Go through the listing below and retype exactly the lines starting at the one with "This photo taken" and ending at the one with "2001 y 2022 |", skipping pictures.

▸ **Dataset records**:
__________

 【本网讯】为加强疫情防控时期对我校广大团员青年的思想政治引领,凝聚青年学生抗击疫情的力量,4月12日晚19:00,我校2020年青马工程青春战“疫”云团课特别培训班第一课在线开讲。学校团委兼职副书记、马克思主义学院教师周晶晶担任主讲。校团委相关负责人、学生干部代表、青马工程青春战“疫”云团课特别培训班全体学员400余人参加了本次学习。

__________

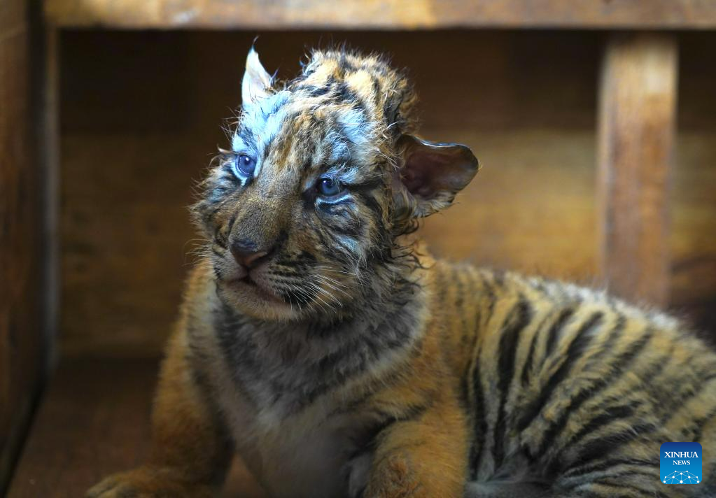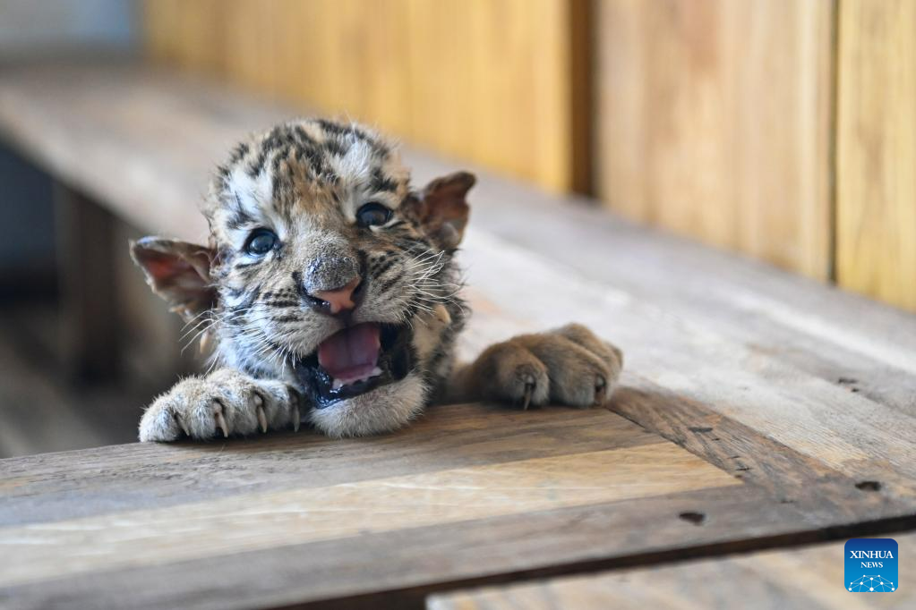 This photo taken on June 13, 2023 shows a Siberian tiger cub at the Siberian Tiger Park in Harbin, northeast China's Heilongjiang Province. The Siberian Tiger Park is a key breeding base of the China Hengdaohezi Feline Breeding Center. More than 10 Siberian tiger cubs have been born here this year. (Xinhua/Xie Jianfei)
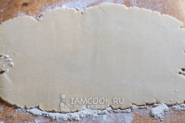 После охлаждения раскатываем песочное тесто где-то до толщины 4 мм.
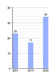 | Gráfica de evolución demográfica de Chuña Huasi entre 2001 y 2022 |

__________

▸ **Response to this exercise**:
 This photo taken on June 13, 2023 shows a Siberian tiger cub at the Siberian Tiger Park in Harbin, northeast China's Heilongjiang Province. The Siberian Tiger Park is a key breeding base of the China Hengdaohezi Feline Breeding Center. More than 10 Siberian tiger cubs have been born here this year. (Xinhua/Xie Jianfei)
 После охлаждения раскатываем песочное тесто где-то до толщины 4 мм.
 | Gráfica de evolución demográfica de Chuña Huasi entre 2001 y 2022 |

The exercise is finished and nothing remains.